Problem statement — Each entry in the listing below should be returned precisely as it is.

Recorded information —

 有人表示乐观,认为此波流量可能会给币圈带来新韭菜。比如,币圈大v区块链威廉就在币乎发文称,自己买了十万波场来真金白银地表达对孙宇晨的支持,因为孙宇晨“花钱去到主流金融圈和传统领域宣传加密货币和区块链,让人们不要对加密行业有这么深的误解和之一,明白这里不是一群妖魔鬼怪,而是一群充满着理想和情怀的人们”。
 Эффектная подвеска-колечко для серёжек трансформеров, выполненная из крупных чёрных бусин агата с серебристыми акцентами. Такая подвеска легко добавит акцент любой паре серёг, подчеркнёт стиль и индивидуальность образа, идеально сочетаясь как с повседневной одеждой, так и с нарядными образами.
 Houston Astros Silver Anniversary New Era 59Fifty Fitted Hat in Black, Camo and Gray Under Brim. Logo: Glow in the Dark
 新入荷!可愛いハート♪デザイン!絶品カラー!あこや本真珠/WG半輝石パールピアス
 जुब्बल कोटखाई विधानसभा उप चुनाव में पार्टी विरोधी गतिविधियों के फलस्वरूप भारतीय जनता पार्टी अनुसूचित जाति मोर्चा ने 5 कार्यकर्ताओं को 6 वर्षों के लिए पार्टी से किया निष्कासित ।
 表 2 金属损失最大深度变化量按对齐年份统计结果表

Answer space —
 有人表示乐观,认为此波流量可能会给币圈带来新韭菜。比如,币圈大v区块链威廉就在币乎发文称,自己买了十万波场来真金白银地表达对孙宇晨的支持,因为孙宇晨“花钱去到主流金融圈和传统领域宣传加密货币和区块链,让人们不要对加密行业有这么深的误解和之一,明白这里不是一群妖魔鬼怪,而是一群充满着理想和情怀的人们”。
 Эффектная подвеска-колечко для серёжек трансформеров, выполненная из крупных чёрных бусин агата с серебристыми акцентами. Такая подвеска легко добавит акцент любой паре серёг, подчеркнёт стиль и индивидуальность образа, идеально сочетаясь как с повседневной одеждой, так и с нарядными образами.
 Houston Astros Silver Anniversary New Era 59Fifty Fitted Hat in Black, Camo and Gray Under Brim. Logo: Glow in the Dark
 新入荷!可愛いハート♪デザイン!絶品カラー!あこや本真珠/WG半輝石パールピアス
 जुब्बल कोटखाई विधानसभा उप चुनाव में पार्टी विरोधी गतिविधियों के फलस्वरूप भारतीय जनता पार्टी अनुसूचित जाति मोर्चा ने 5 कार्यकर्ताओं को 6 वर्षों के लिए पार्टी से किया निष्कासित ।
 表 2 金属损失最大深度变化量按对齐年份统计结果表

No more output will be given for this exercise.